А вокруг было до удивительности хорошо. Солнце, тишина и безлюдье. Тишина, если не считать птиц, потому что птицы — им-то плохо ли?.. — заливались безудержно, особенно жаворонки.
Наконец, преодолев бессовестно длинный подъем — два с половиной километра по счетчику! — добравшись до перелеска, до его дивной тени, я слез — ноги едва не подогнулись сами собой — и, стараясь сохранить должное уважение к своему бессловесному другу, который вроде бы вовсе и не стремился к спасительной тени, а, наоборот, всячески пытался вырваться из моих рук и упасть тут же на дороге, на солнце, повел его в сторону, через кювет и кочки, — и окунулся наконец в мрачноватую, душистую, влажную, восхитительную прохладу. Комковатая глинистая земля была мягкой и теплой, словно свалявшаяся от долгого употребления подстилка.
Нет, все-таки было здорово.

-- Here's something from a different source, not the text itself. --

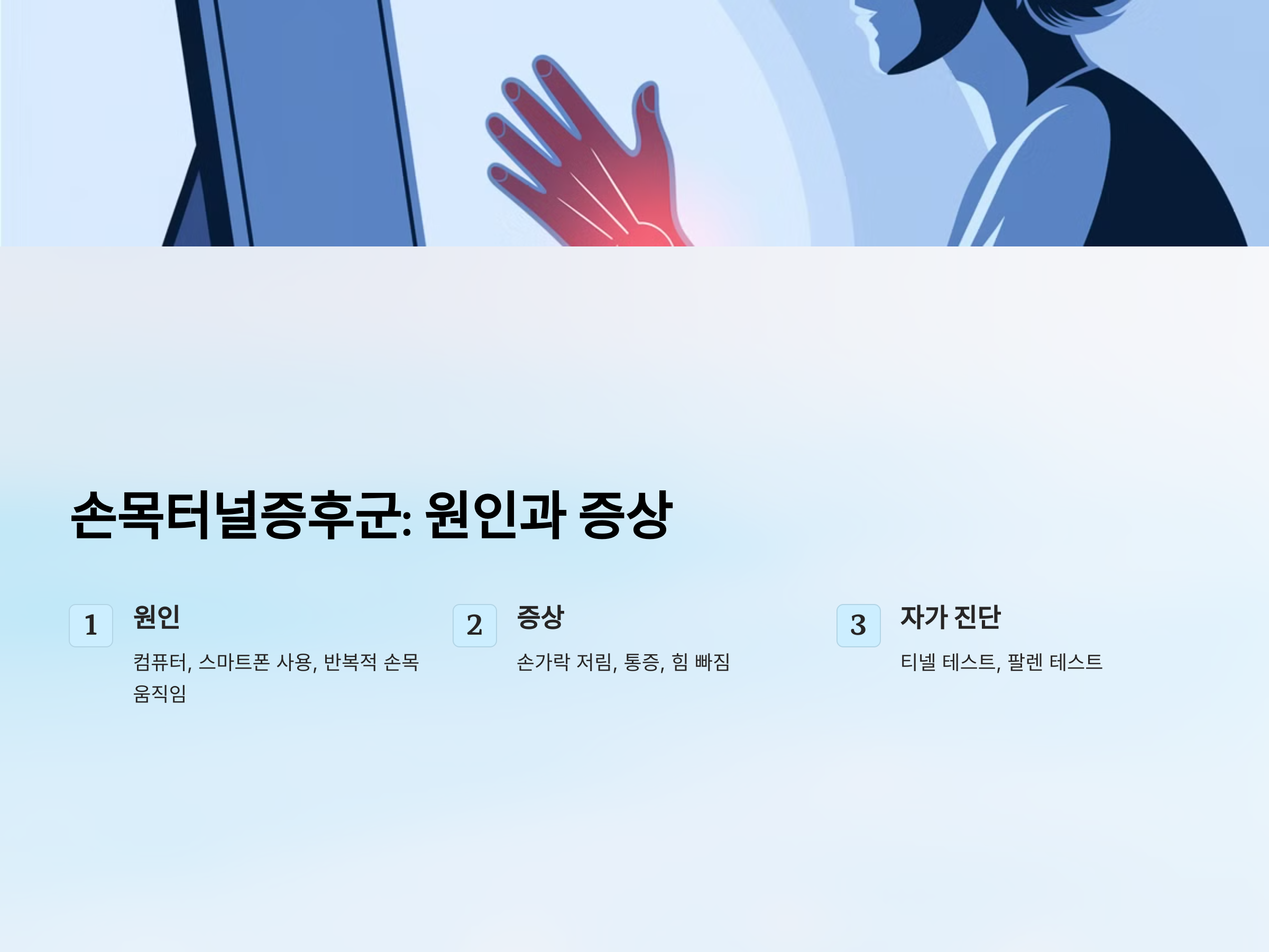 - 손목터널증후군은 신경 압박이 원인으로, 손가락 저림과 찌릿한 통증이 특징입니다.

Я сидел в густом переплетении ветвей, в темном укромном островке, как в шалаше, как в индейской пироге, а вокруг — больно смотреть — колыхался, тек, сиял безбрежный океан света. И такая щедрость, такое могущество и величие было также и в буйстве зелени — листьев, колосьев, трав, — что такие мелочи, как усталость в ногах и руках, цифры на счетчике, жара, пот, жажда, казались теперь вовсе уж несущественными мелочами. О городе, о прошлом, о суете даже и мысли не было. Весь, целиком, со всеми своими ощущениями, желаниями, мыслями я был только здесь, сейчас, в этом вот сиюминутном моменте.
Не торопясь, ехал я дальше и даже остановился отдохнуть, как только встретилась симпатичная молодая березовая роща. Когда я подводил машину к березке потолще, чтобы прислонить к стволу, на глаза попался первый гриб.
Он торчал рядом с колесом велосипеда, хорошо видный, коренастый, крепкий. На шоколадной бархатной шляпке застыл неподвижно солнечный зайчик. Ножка была толстая, пузатая.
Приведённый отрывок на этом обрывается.